- PROVIDED DATA -
Start of Block

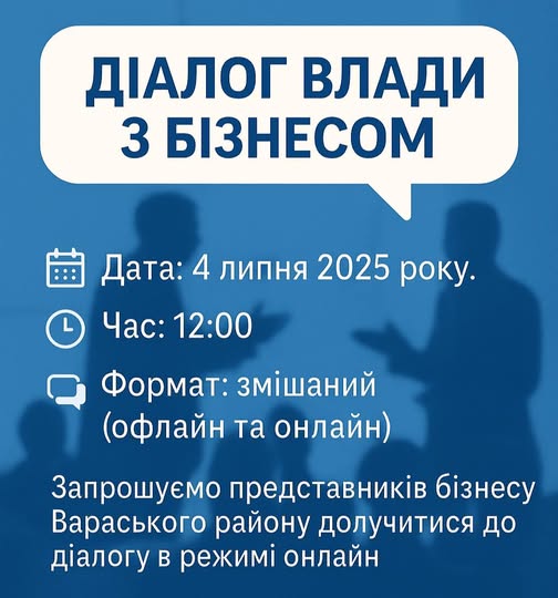 Ми особливо запрошуємо представників бізнесу Вараського району активно долучатися до обговорення в режимі онлайн. Ваша участь є надзвичайно важливою для формування ефективної політики державної підтримки та врахування специфіки регіональних потреб. «Діалог влади та бізнесу» – це не просто зустріч, а дієвий інструмент для спільного розвитку та вирішення проблем.
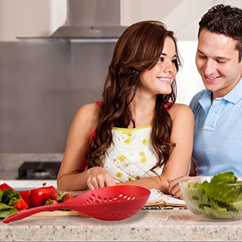 - مواد عالية الجودة: مصنوعة من البلاستيك الحراري (النايلون) مع مقاومة عالية للحرارة يمكن أن تصل إلى 210 درجة مئوية/400 فهرنهايت، الملعقة أخف وزنًا ولن تنقل الحرارة مثل المغارف المعدنية. تمت معالجة المادة أيضًا لتكون مقاومة للالتصاق، مع تصميم بفتحات دائرية واسعة بمقاس مناسب، يمكنك استخدامها لغرف طعامك بسهولة ولا داعي للقلق بشأن البقايا.
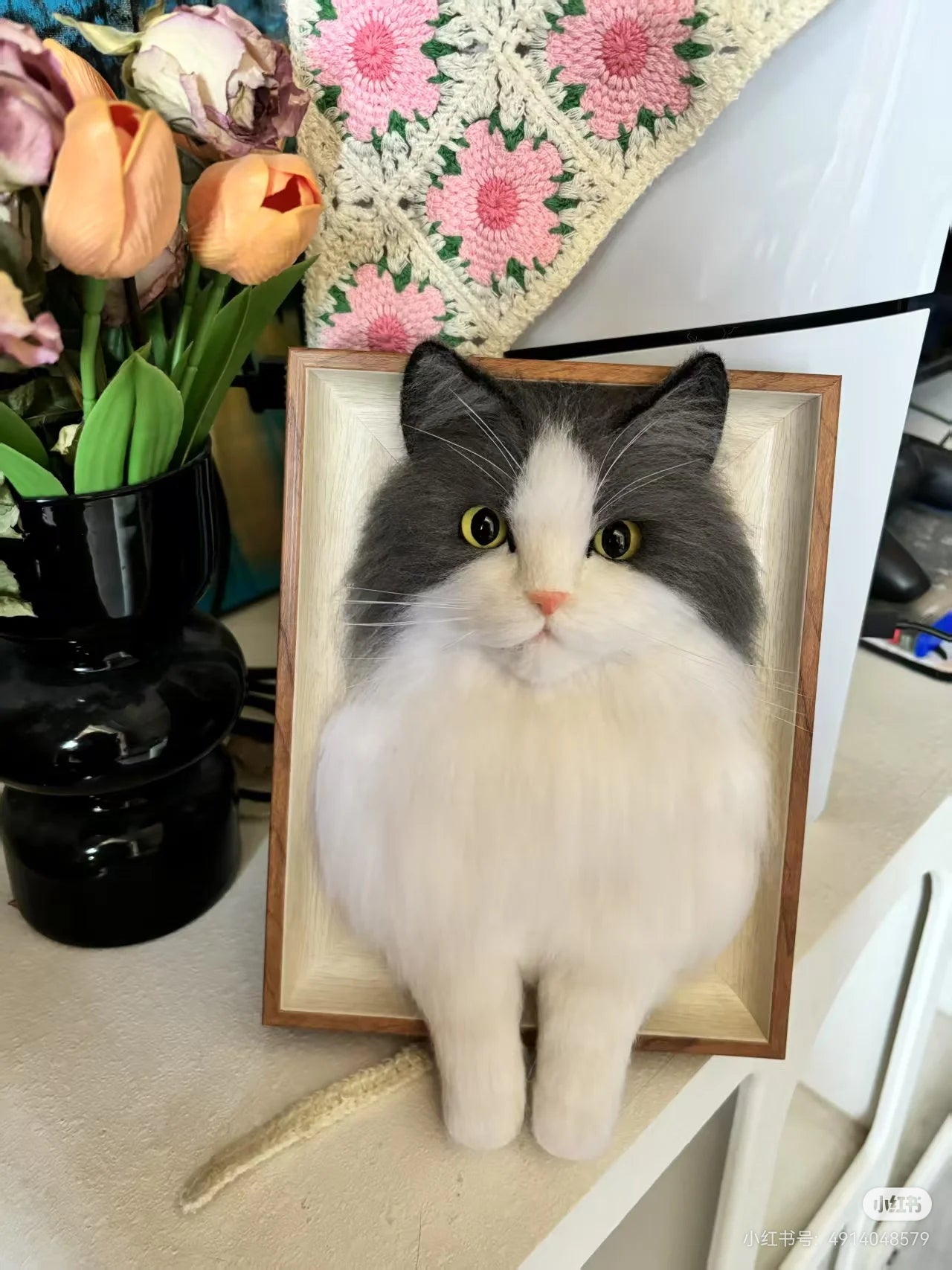 This handmade wool felt sculpture brings those precious moments back to life, turning your beloved cat into a lifelike work of art.

End of Block

- INSTRUCTIONS TO FOLLOW -
Return to the listing above and set it down exactly, leaving out its pictures.

- ANSWER BOX -
 Ми особливо запрошуємо представників бізнесу Вараського району активно долучатися до обговорення в режимі онлайн. Ваша участь є надзвичайно важливою для формування ефективної політики державної підтримки та врахування специфіки регіональних потреб. «Діалог влади та бізнесу» – це не просто зустріч, а дієвий інструмент для спільного розвитку та вирішення проблем.
 - مواد عالية الجودة: مصنوعة من البلاستيك الحراري (النايلون) مع مقاومة عالية للحرارة يمكن أن تصل إلى 210 درجة مئوية/400 فهرنهايت، الملعقة أخف وزنًا ولن تنقل الحرارة مثل المغارف المعدنية. تمت معالجة المادة أيضًا لتكون مقاومة للالتصاق، مع تصميم بفتحات دائرية واسعة بمقاس مناسب، يمكنك استخدامها لغرف طعامك بسهولة ولا داعي للقلق بشأن البقايا.
 This handmade wool felt sculpture brings those precious moments back to life, turning your beloved cat into a lifelike work of art.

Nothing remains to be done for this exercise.